The next pope, Paul IV, vigorously carried out the council's decrees. In 1559, he had officials draw up a list of books considered dangerous to the Catholic faith. This list was known as the Index of Forbidden Books. Catholic bishops throughout Europe were ordered to gather up the offensive books and burn them in bonfires. In Venice alone, followers burned 10,000 books in one day.
Although the Counter-Reformation was never successful in destroying Protestantism, it was able to stop its spread and bring some back to the Church. The corruption which had come to define the Church in the late medieval period was reduced and the Church took on new roles as the center of learning. Religion became a central theme of the sixteenth and much of the seventeenth century as European states went to war in the name of God and ultimately introduced a new concept; freedom of religion.
The Wars of Religion
The religious divisions which tore apart European society during the Reformation ultimately led to war as each nation reacted in their own ways to the ideas Luther proposed.
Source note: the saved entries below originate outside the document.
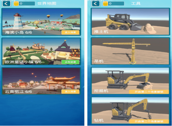 这款采用三个风格所设置的挖掘机游戏,大家可看到独特的画面设计,当你开启了游戏以后,就可看到每个关卡中,都会有相应的任务。无论是建造海滨小岛或者是云南丽江等,各种世界地图,大家都能进入里面,享受唯美的画面表现。同时涵盖了超多工程车工具,包括吊机、推土机等,详细了解每个车子的用途,也能在各种场景当中,通过解锁的方式使用。
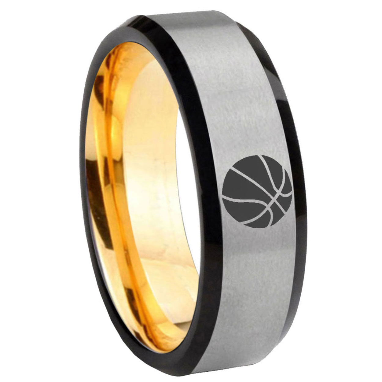 Intruding 8mm Basketball Beveled Edge Gray And Gold Tungsten Carbide Mens Promise Ring . Offer in men wedding band in 8mm band width gray and gold plated finished from size 7 to 14
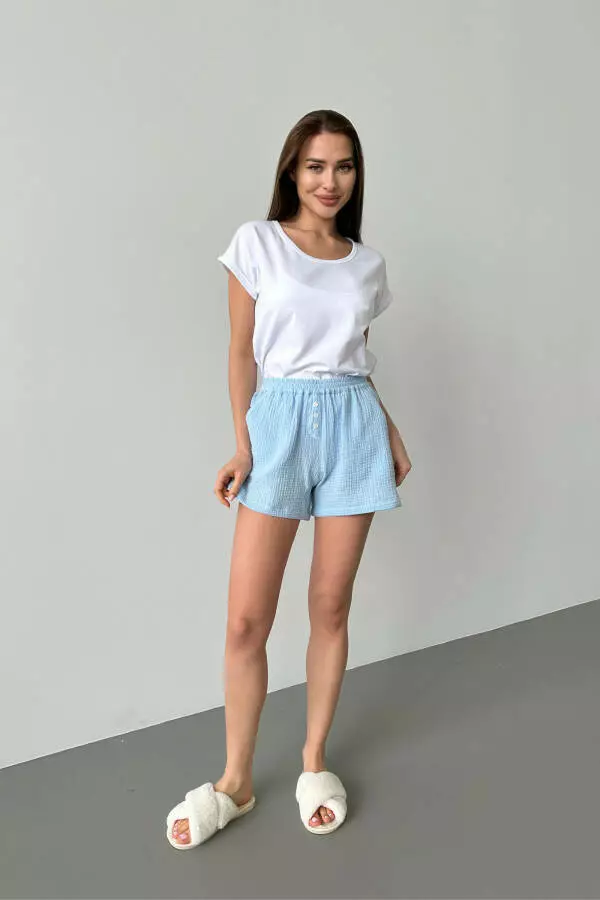 Відкрийте для себе ідеальну комбінацію комфорту та стилю з нашим новим піжамним комплектом жіночий футболка біла та шорти муслінові в кольорі блакитний. Цей комплект — справжня знахідка для тих, хто цінує якість і легкість у домашньому одязі.
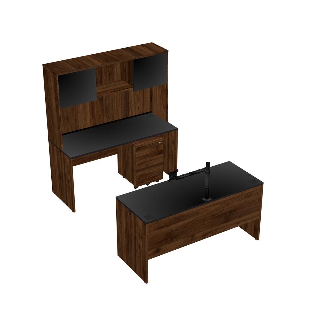 Office Parallel Desk Credenza Desk + Wooden Mobile Drawers + Hutch + Monitor Arm (single Arm)
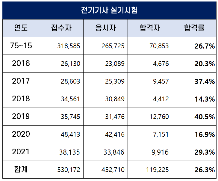 아래 표는 2021년까지 역대 전기기사 실기 합격률인데요. 2019년 실기 합격률이 40.5%로 가장 높았고, 2018년 실기 합격률이 14.3%로 가장 낮았습니다.
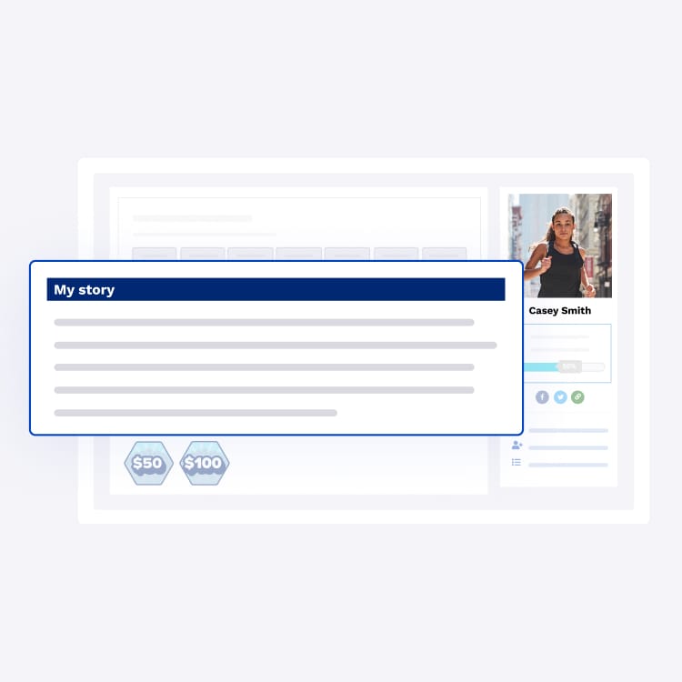 Let fundraisers connect with the cause by sharing their ‘why’ and customizing their page with personal photos!

Some states remained committed to Catholicism while others followed Protestant beliefs. During the Reformation, the decision to convert was not only religious, but also political. These decisions of kings ultimately shaped the identities of his people for generations as the king's religion became the religion of his people, redefining each nation permanently.
Spain
The Hapsburg king Charles V inherited a great empire in the sixteenth century including Austria, Spain, parts of Italy, the Netherlands, as well as the American colonies in Spain's empire. Charles was also elected Holy Roman Emperor, giving him authority in much of Germany as well. This massive empire dominated politics and rivaled the Ottoman Sultan Suleyman for the period's greatest empire.
Charles was a devout Catholic and not only fought Muslims for control of the Mediterranean, but also opposed the spread of Protestantism through a series of wars all over Europe. In 1555, he unwillingly agreed to the Peace of Augsburg, which allowed German princes to choose the religion of their territory. The following year, Charles V divided his empire and retired. To his brother he left Austria and the Holy Roman Empire, to his son he left Spain, the Netherlands, and portions of Italy.
The Hapsburg Empire
Philip was shy, serious, and most of all devoutly Catholic. Philip assumed the role as Defender of Catholicism and set out to take up arms against non-Catholics throughout Europe. In 1571, the pope called on all Catholic princes to take up arms against the mounting power of the Ottoman Empire. Philip responded like a true crusader. More than 200 Spanish and Venitian ships defeated a large Ottoman fleet in a fierce battle near Lepanto.
In the Spanish Netherlands, Philip had to maintain an army to keep his subjects under control. The Dutch had little in common with their Spanish rulers. While Spain was Catholic, many Dutch in the north had converted to Calvinism. When Philip raised taxes to crush Protestantism, angy mobs swept through Catholic Churches. The Spanish sent in an army to punish rebels and their Protestant leaders. The Dutch Revolt lasted another 11 years until the northern provinces of the Netherlands under the leadership of William of Orange won thier independenc from Spain. The ten southern provinces (Belgium) were Catholic and remained under Spanish control.
In 1588, Philip launched the Spanish Armada in attempt to punish Protestant England and its queen, Elizabeth I. Elizabeth had supported Protestants who rebelled in the Netherlands and executed her Scottish cousin Mary. If England could be taken and returned to Catholicsm, there would be no major power in Europe left to support Protestant princes in Germany. Despite overwhelming numerical superiority the English defeated the Armada. This stunning defeat was a serious setback for Spain and weakened its navy so greatly that it never fully recovered.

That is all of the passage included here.